Just wanted to introduce myself and get used to the site. This forum is the best I've seen , wish I would have known about it years ago, It would have made life alot easier work'in on the Brute. Anyway, great site killer bikes!!


----------



## Roboquad (Sep 8, 2009)

Welcome.


----------



## Big D (Jun 23, 2009)

Glad to have you with us


----------



## bruteforce504 (Feb 10, 2010)

welcome to the forum. you will love it. great people and great how-to section:rockn:


----------



## eagleeye76 (May 7, 2010)

Welcome, the help and learning is endless here. You'll love it!


----------



## DrillersGoDeeper (Jan 3, 2009)

WELCOME!!


----------



## gpinjason (Nov 10, 2009)

Welcome Brute brother! Is that Blind River, LA?


----------



## oldmanbrute (Apr 15, 2009)

Howdy


----------



## badazzbrute (Apr 11, 2010)

How ya dern? Welcome to the site. There is definately a wealth of knowledge here. Good to have ya here.


----------



## GODSMACK (Aug 7, 2010)

gpinjason said:


> Welcome Brute brother! Is that Blind River, LA?

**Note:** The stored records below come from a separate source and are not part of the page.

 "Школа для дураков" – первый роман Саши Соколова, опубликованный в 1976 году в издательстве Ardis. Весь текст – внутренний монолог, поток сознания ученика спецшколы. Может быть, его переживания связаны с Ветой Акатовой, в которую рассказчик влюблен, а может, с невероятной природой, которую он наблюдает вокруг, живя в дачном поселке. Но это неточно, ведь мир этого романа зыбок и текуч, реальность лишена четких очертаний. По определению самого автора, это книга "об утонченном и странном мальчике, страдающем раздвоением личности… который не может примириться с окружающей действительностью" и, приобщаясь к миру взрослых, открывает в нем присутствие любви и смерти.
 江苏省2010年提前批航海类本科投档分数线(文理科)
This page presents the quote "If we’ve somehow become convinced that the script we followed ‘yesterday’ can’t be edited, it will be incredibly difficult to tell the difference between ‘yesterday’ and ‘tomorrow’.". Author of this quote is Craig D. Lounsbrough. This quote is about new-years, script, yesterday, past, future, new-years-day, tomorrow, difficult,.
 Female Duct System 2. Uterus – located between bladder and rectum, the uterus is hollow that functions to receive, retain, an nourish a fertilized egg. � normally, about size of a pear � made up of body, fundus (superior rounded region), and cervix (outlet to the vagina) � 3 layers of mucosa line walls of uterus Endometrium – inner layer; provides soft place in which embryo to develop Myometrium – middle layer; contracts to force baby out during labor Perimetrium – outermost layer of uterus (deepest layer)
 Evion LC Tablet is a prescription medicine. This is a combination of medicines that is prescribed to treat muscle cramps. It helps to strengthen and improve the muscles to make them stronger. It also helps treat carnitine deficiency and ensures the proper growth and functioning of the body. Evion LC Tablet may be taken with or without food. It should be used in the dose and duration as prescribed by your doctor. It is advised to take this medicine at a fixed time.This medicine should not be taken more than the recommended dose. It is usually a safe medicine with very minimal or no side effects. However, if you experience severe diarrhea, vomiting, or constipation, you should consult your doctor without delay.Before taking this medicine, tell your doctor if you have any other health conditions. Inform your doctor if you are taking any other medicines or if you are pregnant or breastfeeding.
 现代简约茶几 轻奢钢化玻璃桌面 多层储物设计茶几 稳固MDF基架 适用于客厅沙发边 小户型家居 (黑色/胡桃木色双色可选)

 Nah, Blind River, Ontario, Canada. LA would be a blast though!!


----------



## Polaris425 (Dec 16, 2004)

welcome!


----------



## Possum (Jun 5, 2010)

:welcome: :beerchug: Great to have ya join!!!


----------



## walker (Apr 5, 2009)

welcome to mimb.. man we are getting over ran by canadains... bwhahahahahah


----------